# 39 Ford finished



## PF Flyer (Jun 24, 2008)

Finished the black 39 for my Dad for Father's Day. Way out of my comfort zone here. Made enough mistakes to write my own book. But most were correctable and in the end I think it turned out okay. Found a copy of the original sales brochure online to accompany the model. (Next time, I've got to dust before I photograph!)


----------



## 71 Charger 500 (Jan 27, 2011)

Dang, this thing is awesome!


----------



## Ian Anderson (Jan 24, 2011)

YES MAN,... that is a very nice job dude, GREAT WORK MAN,....And Very Clean As Well....I give it A 10 out of a possible 10,...(A+)




Ian


----------



## Modlerbob (Feb 10, 2011)

Looks very good to me also. Your dad will love it. I made several models for my dad while he was alive.

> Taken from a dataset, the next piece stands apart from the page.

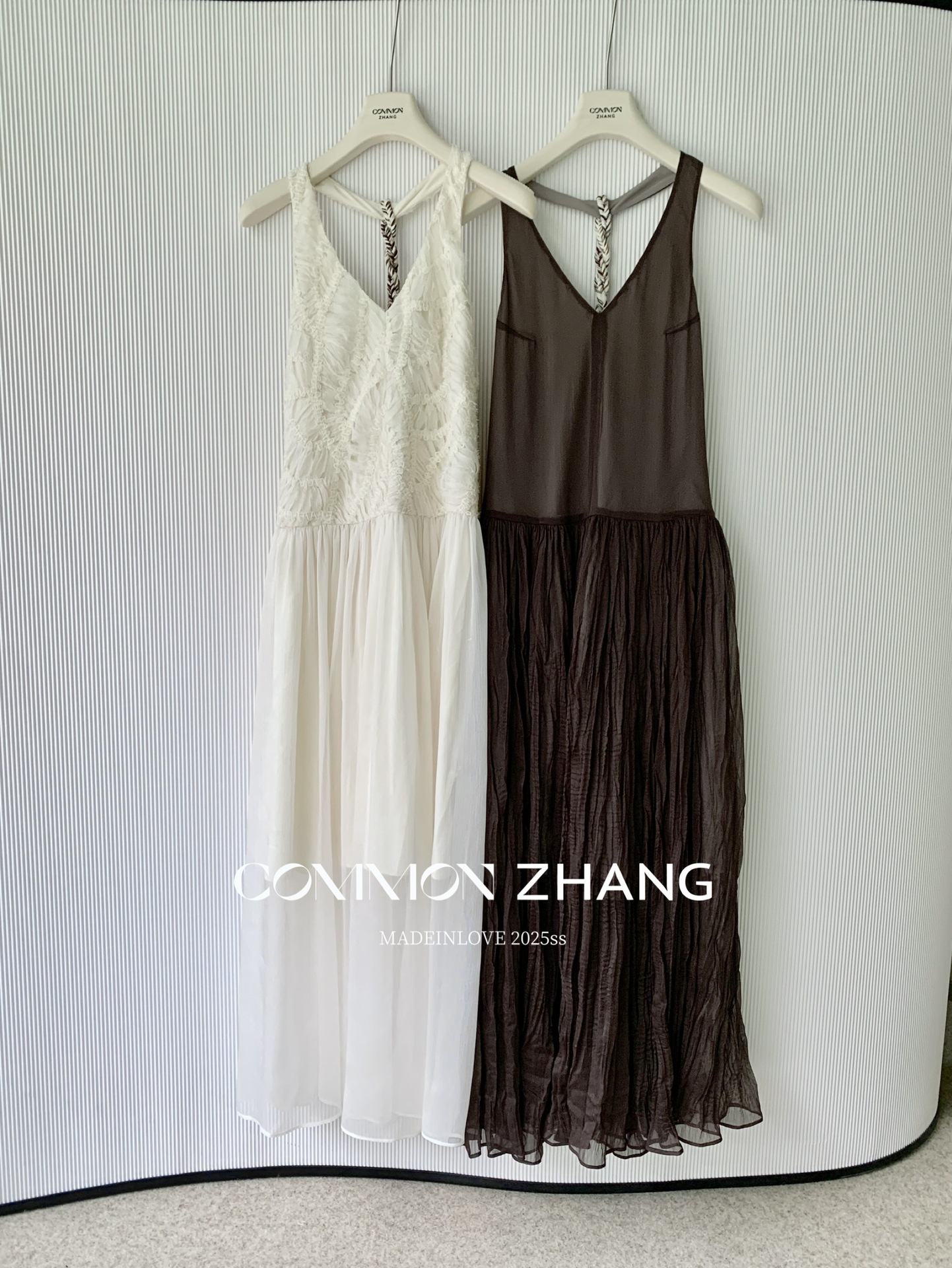 CZ ZHANG Mocha Mousse retro pleated V-neck dress Texture backless slightly transparent long dress B26987

My older brother always collected one or two of my model planes when he came to visit and he still had every one of them when he died last year.


----------



## scottnkat (May 11, 2006)

excellent job - thanks for posting those pics


----------



## PF Flyer (Jun 24, 2008)

Thanks for the kind comments. I might gin up enough courage to attempt the 71 Plymouth Duster I had as a teenager.


----------



## 440 dakota (Feb 23, 2006)

looks great I'm sure he will love it,you probably already know you can buy inexpensive display cases at Michaels or Hobby lobbys which ever you have near you,help keep it clean,now go get started on the Duster am sure we all will look forward to seeing it


----------



## Ian Anderson (Jan 24, 2011)

...lol.....440, I'm sure your right man, HIS DAD WILL LOVE IT, and your right would look great UNDER GLASS, .......And Hey PF, is still raining in those hills last few weeks up there ?, Were STILL GETTING SOAKED OVER HERE in the Cascades man,....and, Like Ron said there,...We would all enjoy seeing that duster being built here,.and just like back in school, MORE POINTS IF YOU SHOW YOUR WORK, you are a professor in Many deferent ways my Friend, NO DOUBT, EVEN HERE MISTER,..lol....But she looks great,...Beautiful workmanship man,...Thinks for the show..



Ian


----------



## PF Flyer (Jun 24, 2008)

Thanks again. It's in a display case as I write this. The official sales brochure for the 39s arrived in yesterday's mail. What a hoot! No seatbelts, no turn signals--pre-Ralph Nader for sure. I have the Duster kit; it's a 340, mine was 318, but close. Mine also had two-tone paint (red/orange with a black roof) That wil be tricky. You guys know anything about bare metal foil?


----------



## Ian Anderson (Jan 24, 2011)

I'm just now learning that trick as well PF,..so WHAT SAID HERE GUYS,?..Someone do a Bare Metal Foil Lesson here for us again, PLEASE....lol.





Ian


----------